= Simple cycle combustion turbine =

Typically used for jet engines or electric power generation

A simple-cycle combustion turbine (SCCT) is a type of gas turbine typically used in the power generation, aviation (jet engine), and oil and gas industries (for electricity generation and mechanical drives). The simple-cycle combustion turbine follows the Brayton Cycle and differs from a combined cycle operation in that it has only one power cycle (i.e. no provision for waste heat recovery).

==Advantages==
There are several advantages of an SCCT. The primary advantage of a SCCT is the high power generated to weight (or size) ratio, when compared to alternatives.

Another advantage is the ability for it to quickly reach full power, unlike other baseload power plants that may have a minimum time of being online once started.
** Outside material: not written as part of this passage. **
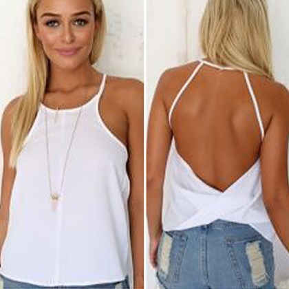 Sexy Backless Solid Color Loose Cami Tops

This "minimum up" is a common term in the power industry when referring to this requirement. Therefore, SCCTs are usually used as peaking power plants, which can operate from several hours per day to a couple of dozen hours per year, depending on the electricity demand and the generating capacity of the region. In areas with a shortage of baseload and load following power plant capacity, a gas turbine power plant may regularly operate during most hours of the day and even into the evening. A typical large simple-cycle gas turbine may produce 100 to 300 megawatts of power and have 35–40% thermal efficiency. The most efficient turbines have reached 46% efficiency.

For power generation applications, the investment costs are cheaper than combined cycle combustion turbine plants (in 2003, the Energy Information Administration estimated that the cost of a combined cycle plant was US$500–550/kW, as opposed to the SCCT cost of US$389/kW), but at reduced efficiency. SCCTs require smaller capital investment than either coal or nuclear power plants and can be scaled to generate small or large amounts of power. Also, the actual construction process can take as little as several weeks to a few months, compared to years for base load power plants that require extensive plumbing and large waste heat dissipation systems.

==Disadvantages==
A simple cycle combustion turbine has a lower thermal efficiency than a combined cycle machine. Although they may be less expensive to build, simple cycle combustion turbines, due to their low efficiency, cost more to run than most other plants. This results in increased cost per kWh during peak electrical loads. Compared to combined cycle NG turbines, the lower efficiency increases the amount of NG fuel required to produce the same amount of electricity.